The original insight gets pushed and pushed--adding new concepts, new divisions, new implications--and suddenly, you start getting into this mania of building a system. You want a complete conceptual order, a total world-picture that explains everything in the universe--and you think that if you keep moving forward with your original thought, you can get there.
This process is delusional and can get hair-pullingly frustrating. Suddenly, your original thought isn't good enough--it needs to incorporate more information and starts gobbling up every other conceptual category in your mind in an attempt to overpower everything. These thoughts must be nipped in the bud, or else you are in for a rocky ride.
Philosophizing is best done in brief flashes, a compilation of these little lightning bolts. They cannot overextend themselves. In all honesty, there is no complete system of reality--there is always some remainder, some little leak in the boxes that doesn't quite fit. You cannot try to plug up all these leaks!

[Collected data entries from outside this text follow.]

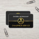 Ein graues und schwarzes Cover wird durch eine goldene Linie in der Nähe des Kartenzentrums abgegrenzt. Das Reiten auf dieser goldenen Linie des Erfolgs ist ein goldenes Chauffeur-Logo, das Sie benutzen können. Oben auf der Karte liegt Ihr angesehener Name mit dem goldenen Firmennamen in der Nähe des Basars. Auf der Rückseite, in einem grauen Cover, befindet sich das goldene Logo oben, gefolgt von Ihrem angesehenen Namen und den Kontaktdaten. Ein berufliches Design für Chauffeur und Fahrer. #chauffeur #limoservice #limo #designateddriver #rideshare #privatedriver #driver #taxiride #taxiservice #taxiservice #taxis #zazzlemade
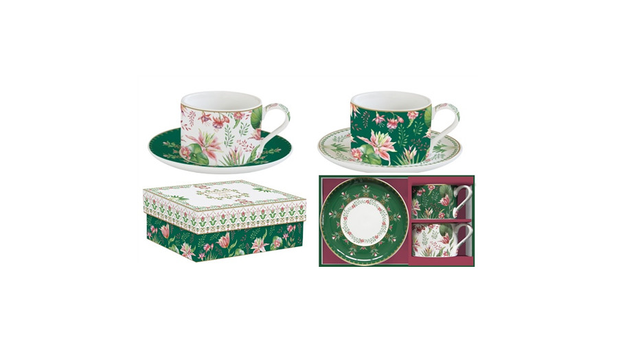 Porceláncsésze+alj 240ml, 2 személyes, dobozban, Botanic Chic – Easy Life-Nuova
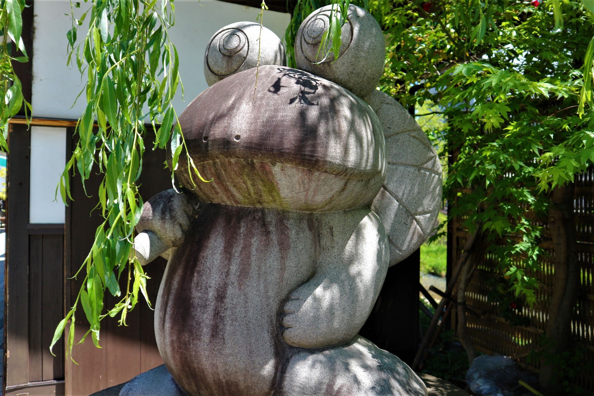 ナワテ通り西の入口に鎮座するカエルのメトバちゃん
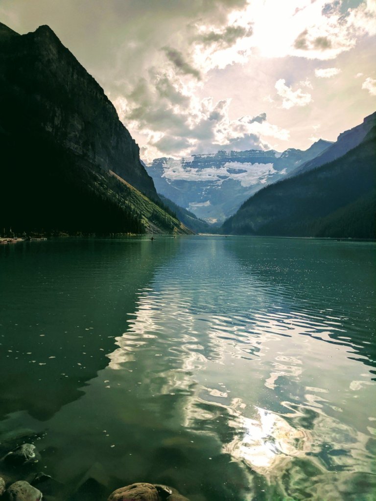 By 8:00 AM we parked in a 3/4 full lot and headed out to join the lake edge selfie crowd. Was it pretty? Turquoise? Worth It? Of course. The lake sits under Mount Victoria (3464 m), and both the upper and lower Victoria Glacier. It’s the first glacier fed lake my eyes have enjoyed.

Life is best understood as a fluid, ongoing process. The moment you try to grab it and take a complete snapshot of it, it wiggles away. The trouble is that being a philosopher means you love to take these snapshots and want everything in its proper order. I have seen this thought-habit in myself get turned into a habit in actual life. If I get too hard-core about organizing a bookshelf, I can start having crazy spells of anxiety over which section to place a book in. All my clothes can be put in their own special section of the closet--but if there is some sock that thwarts my plans, I lose my cool.